━━ Material provided

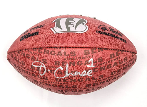 This NFL Duke Football was personally hand signed by Ja'Marr Chase in silver paint marker. The Football was signed in the presence of Beckett Authentication Services and comes affixed with a individual Witnessed numbered tamper-evident hologram. The Football also comes with a Famous Ink hologram guaranteeing authenticity for life. Domestic ground shipping for this item is FREE to the contiguous 48 states. Please contact us for International and other shipping options.
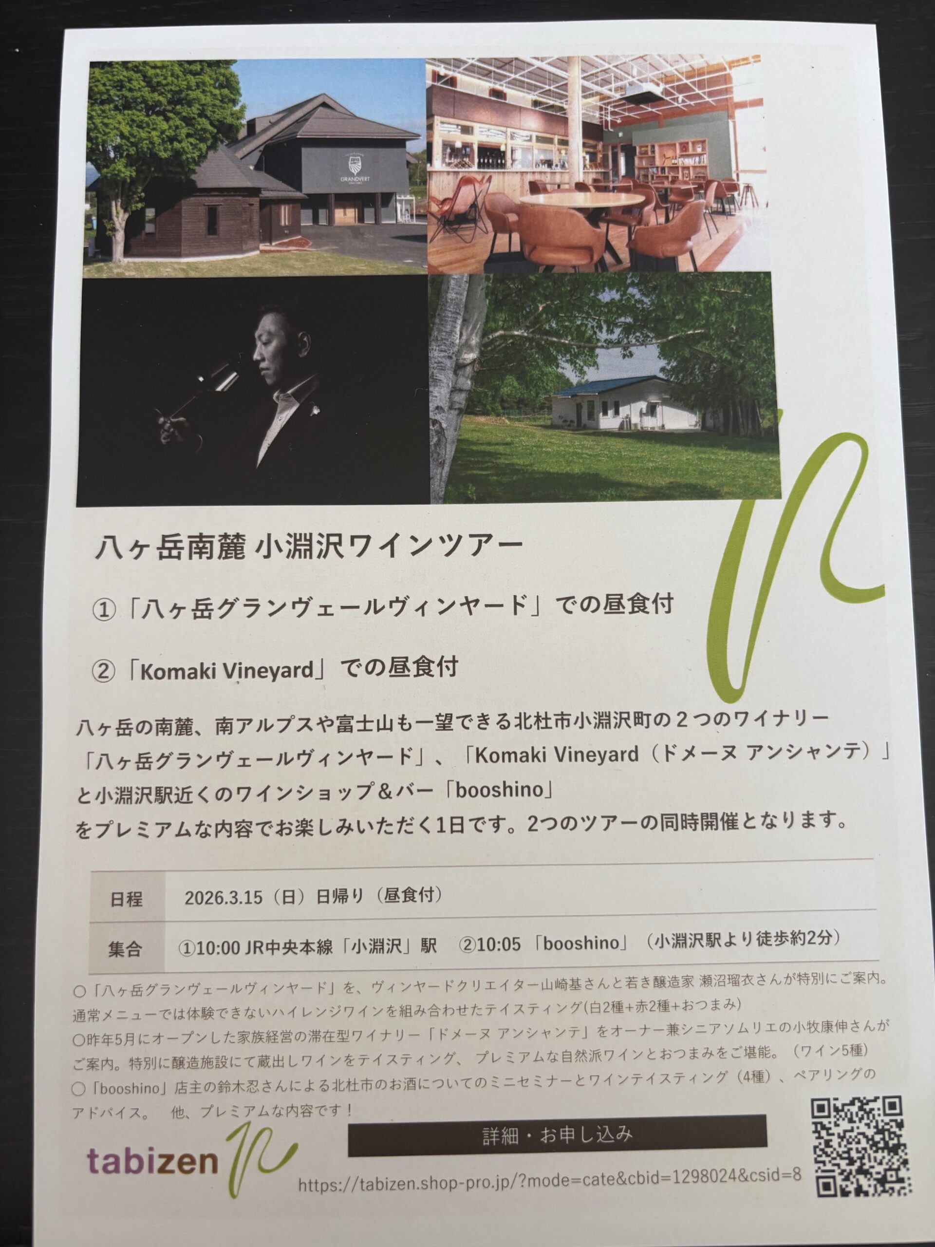小淵沢のワイナリーを巡る1日限定のツアーです!
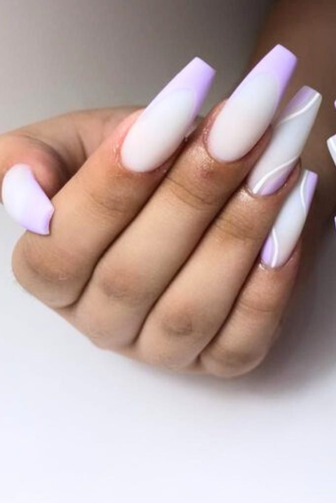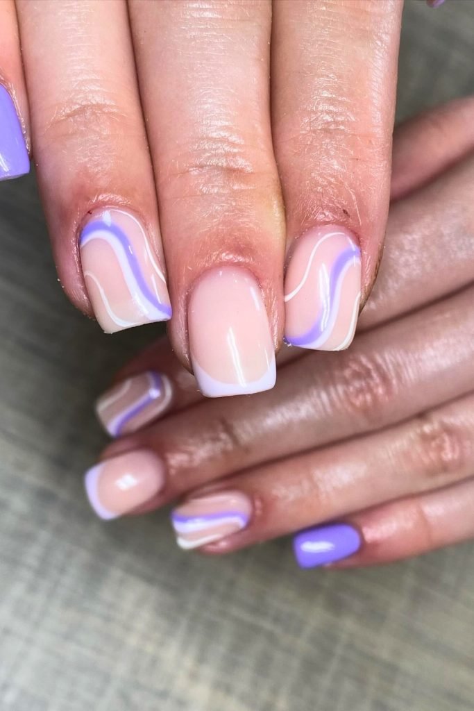 This nail design features a sophisticated combination of a nude base with lavender and white wave accents.
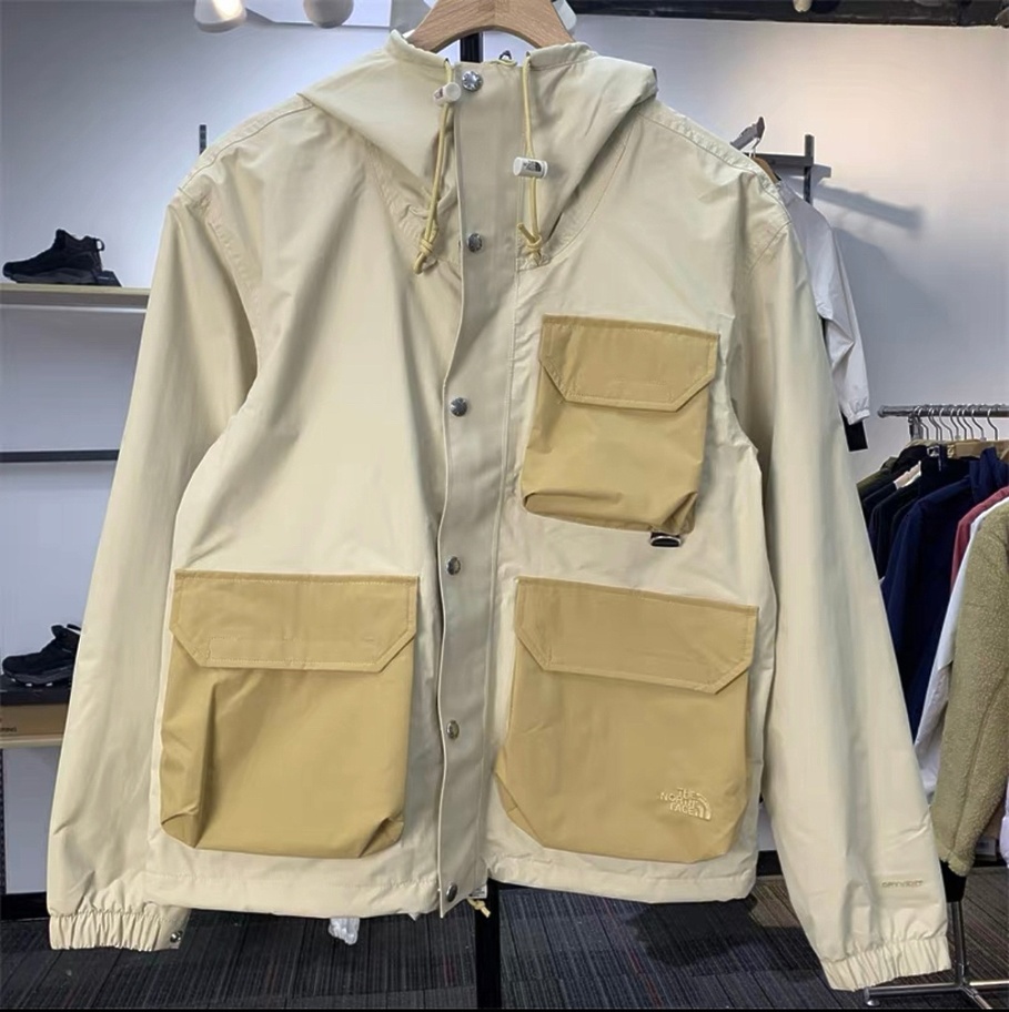Ветровка бежевая The North Face с объёмным капюшоном на завязках

━━━━

§ **Required work**
Starting at the line that contains "This nail design", retype each line through the final one in the listing, with both ends kept and the pictures omitted.

§ **Solution**
 This nail design features a sophisticated combination of a nude base with lavender and white wave accents.
Ветровка бежевая The North Face с объёмным капюшоном на завязках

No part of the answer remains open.